The world’s oldest bitcoin exchange is shutting down in China

Obsession
Future of Finance
Obsession
Future of Finance

Shanghai-based BTCC said it would halt trading on its domestic cryptocurrency exchange by Sept. 30, in response to tighter control over trading crypto tokens by China’s central bank. This followed a report from local media (in Chinese) saying that the exchange had received a verbal notice to halt trading from Shanghai’s financial regulator.

BTCC said on Twitter that it was closing its domestic exchange, which operates at BTCChina.com, in response to a Sept. 4 notice from China’s central bank that forbade trading in cryptographic tokens issued through “initial coin offerings.” The exchange had traded a token called ICOCoin, which was started by a BTCC co-founder. The regulatory notice did not explicitly ban trading in digital currencies such as bitcoin and ether—but BTCC will shut down its trading of such currencies for Chinese customers as well.
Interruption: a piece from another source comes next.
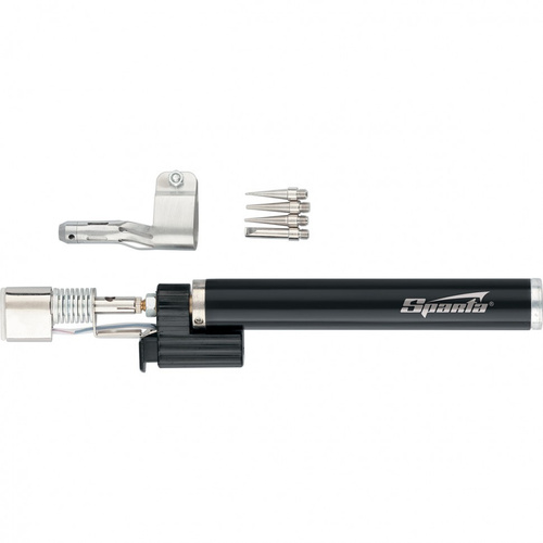 Горелка газовая, тип "Карандаш" c пьезоподжигом, 4 насадки для пайки, 200 мм
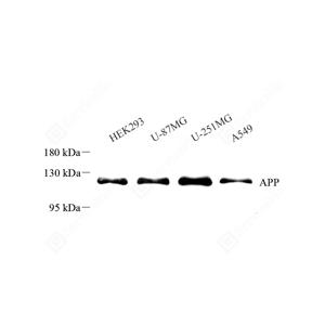 | WB检测Amyloid beta precursor protein蛋白(货号 GB11307). 样品: 经RIPA裂解液(货号G2002)处理的蛋白质. 封闭: 3%脱脂牛奶(货号GC310001)溶于TBST溶液, 室温孵育1小时. —抗: 1: 800稀释, 4℃ 孵育过夜. 二抗: HRP标记山羊抗兔IgG (H+L) (货号GB23303), 1: 5000稀释, 室温孵育1小时. |

The firm said in a notice on its website it would stop registering new users on BTCChina today, and that all trading there would halt by Sept. 30. It said its other businesses, which include a mining pool it operates, and an exchange that doesn’t deal with Chinese customers, were unaffected.

The two other major Chinese exchanges, Huobi and OKCoin, continue to operate as normal. Both exchanges told Quartz they had not received any new directives from regulators.

BTCC, founded in 2011, assumed the mantle of the world’s oldest bitcoin exchange after the collapse of Mt. Gox in 2014. It was originally known as BTC China, and in the aftermath of Mt. Gox’s collapse, it also became the biggest bitcoin exchange in the world by trading volume. Its Chinese rivals eclipsed it over time, fueled by a business model that allowed users to trade for free, although BTCC remained a major player. This fee-free model also pushed China’s trading volumes to grow to over 90% of the global market.

Trade volumes in China today are an important, but much smaller part of the global bitcoin markets. Trade in Chinese yuan accounted for 12% of all trading on global exchanges, compared to 36% for the US dollar and 40% in Japanese yen over the last 30 days, according to data platform Crypto Compare. Volume on Japanese exchanges is also likely inflated by the fee-free model they adopted from their Chinese counterparts.